A tremendous amount of attention has been focused on alternative fuels. However, little attention has been paid to lubricating oils for use with alternative fuels, and each alternative fuel prefers oils with slightly different compositions.
In general, the heavier and more complex a fuel is, the more that is required of its lubricating oil. Diesel, the heaviest fuel, requires oils with approximately twice the performance additives in their lubricating oils as do gasoline engine oils.
Most alternative fuels aren’t extremely complex, so their lubricating oil requirements aren’t overly restrictive. Still, their individual needs must be addressed by the oil industry. Lubricating oil requirements for several alternative fuels are discussed below.
First, biodiesel. Biodiesel is required to be blended into ultra-low sulfur diesel (ULSD) fuel in many states. Biodiesel made from soy beans or reclaimed cooking oils can be an excellent alternative fuel because the fuel economy (and horsepower) deficits associated with using these fuels are the lowest of any of the drop in alternative fuels currently on the market.
Biodiesel has two properties that demand attention. Plant-based biodiesel fuels have inherently less oxidative stability than ultra-low sulfur diesel fuel. That means lubricating oils for use with biodiesel fuels need to contain additional oxidation inhibitors in the oil to slow down the rate of oil oxidation. Fortunately, new API CK-4 and FA-4 spec oils were designed and formulated with additional oxidative stability to prevent engine (primarily piston) deposit buildup when using ultra-low sulfur diesel (ULSD) fuel.
However, biodiesel fuels have another characteristic that the newer engines and oils don’t address: Biodiesel is generally a heavier fuel than ULSD. That means that if one experiences fuel dilution, biodiesel in the crankcase won’t evaporate as easily as the light ends of diesel fuel. If one tries to run extended oil change intervals when using biodiesel fuel, the oil sump could contain less and less diesel engine oil and more and more biodiesel fuel as mileage increases. Biodiesel fuel does not have the lubricating properties required to protect modern diesel engines. So don’t run extended oil changes in your diesel engines without frequent used oil analysis.
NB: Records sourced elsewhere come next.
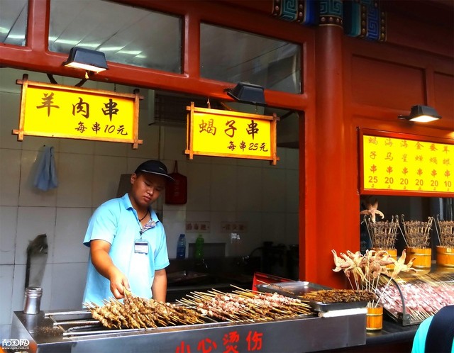 老板从这边直走右转有个小巷,那里有很多小吃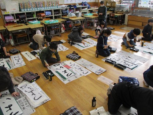 今年から毛筆の学習を始めた3年生。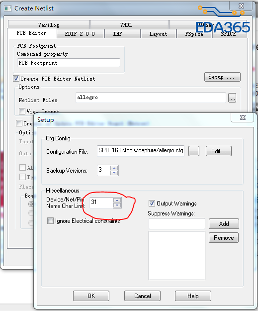这个问题我在百度知道已经回答过一次了.在orcad ---tool---create netlist--pcb editor---setup,把默认的限制字数的31改成50或者更大
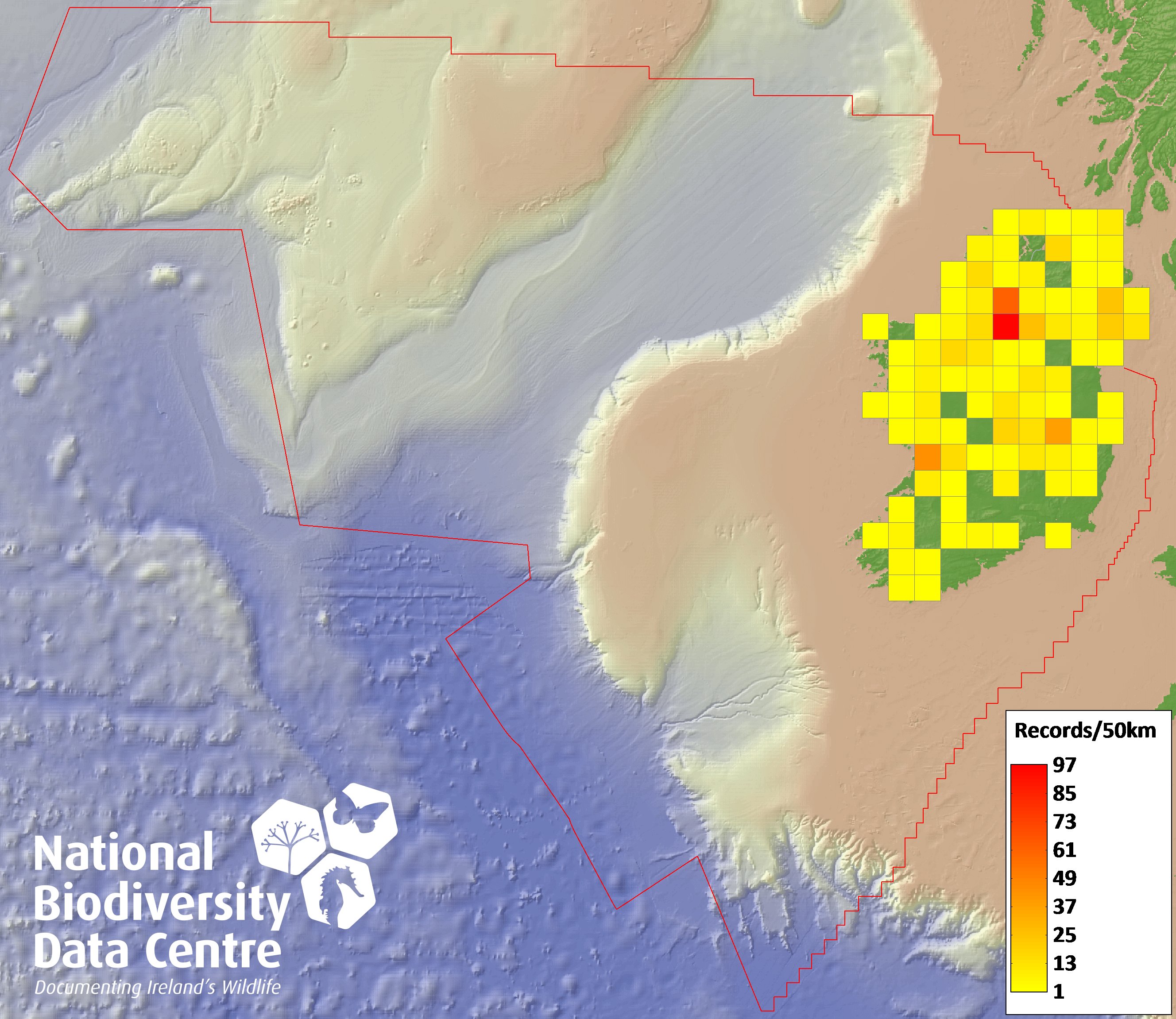 Distribution of the number of records recorded within each 10km grid square (ITM).Marine Map - 50km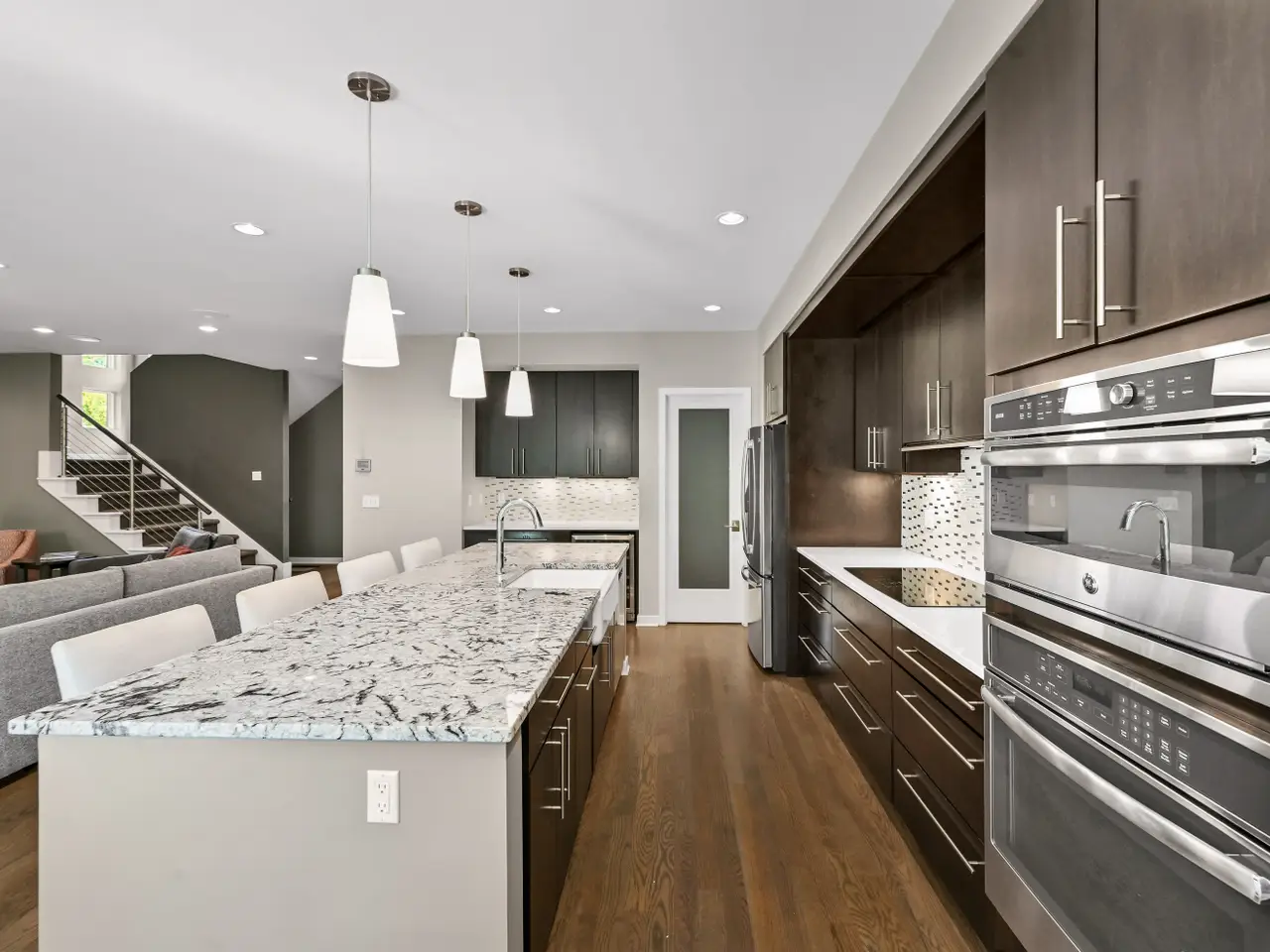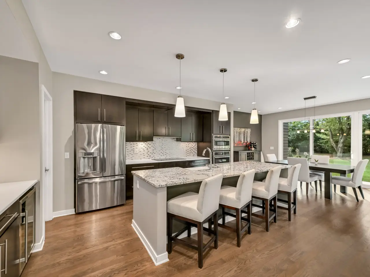 Stunning architectural jewel boasts quality, clean lines and sleek award winning design. Thoughtful details, state of the art technology, open floor plan and incredible natural light abound in this custom home. Set on a 1+ acre park like setting and nestled on a quiet cul de sac, this is a peaceful private retreat. Unique features include 2nd floor laundry, 4 car garage that can accommodate car lifts, luxury spa bath in primary with steam shower and amazing walk-in closet. The lower level features a flexible rec space with wet bar and beverage station, full bath and exercise area. Sprawling backyard includes a large fenced garden, mature landscape and spectacular covered deck. A treasure you don't want to miss. A stones throw from Ozaukee Country Club, schools, 1-43 and all southeast Mequon has to offer! A hidden gem!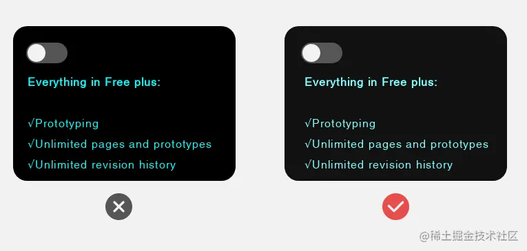 这种调整往往在深色模式下会失效,过浅的文字会看不清楚,破坏可读性。所以,对对比度的敏感在深色模式下也特别重要。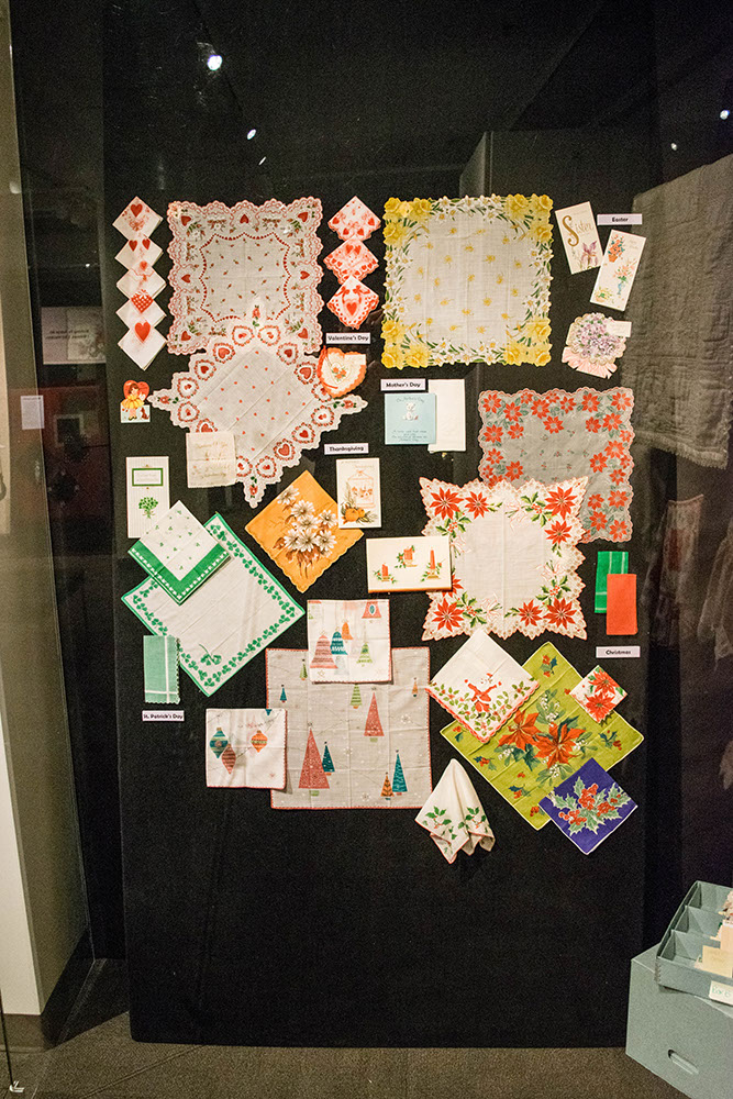 Photograph of a selection of handkerchiefs in the exhibit installation, “Nothing to Sneeze at: One Woman – 1,107 Handkerchiefs,” held in the Avenir Gallery in the University Center for the Arts in the spring of 2018 Several handkerchiefs are displayed on a wall.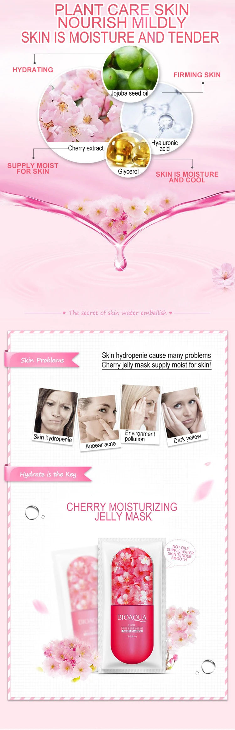 100 шт.лот BIOAOUA листовая маска-желе для лица увлажняющая эссенция глубокое увлажнение уход за кожей лечение акне

Ethanol, and any other alcohol, has a property that puts tremendous stress on lube oils. All alcohols have an affinity for water. That simply means they will absorb water from any possible source including condensation. Water plus acidic by-products of combustion equals sulfuric acid (H2SO4) and other bad actors. Acids will attack any unprotected metals and marginal seals in the fuel system. Older engines have a lot of problems caused by corrosion when utilizing ethanol fuels.
Modern gasoline engine oils (API SN) are designed to perform properly with ethanol, but higher concentrations can still cause corrosion in older engines (pre-2011) because some components aren’t corrosion resistant. Problems are most prevalent when equipment is stored for longer periods of time allowing sufficient time for corrosion to develop on critical engine components.
If your gasoline engine will be stored for any length of time, either store it with a fuel which doesn’t contain ethanol, add a fuel system stabilizer or use an engine oil that contains vapor phase rust inhibitors such as hot rod oils to prevent corrosion. Another method is to purge the engine’s fuel system prior to storage.
The various gaseous fuels in the marketplace (CNG, LNG, propane) place the least stress on lubricating oils because they are so clean. Gaseous fuels generally require very little detergent and dispersant compared to gasoline and diesel oils. However, gaseous fuels do place additional stress on lube oils due to their relatively high combustion temperatures. Fortunately, API SN oils for gasoline and CK-4 and FA-4 oils for diesel incorporate additional oxidation inhibitors, so one can use these oils without any problems.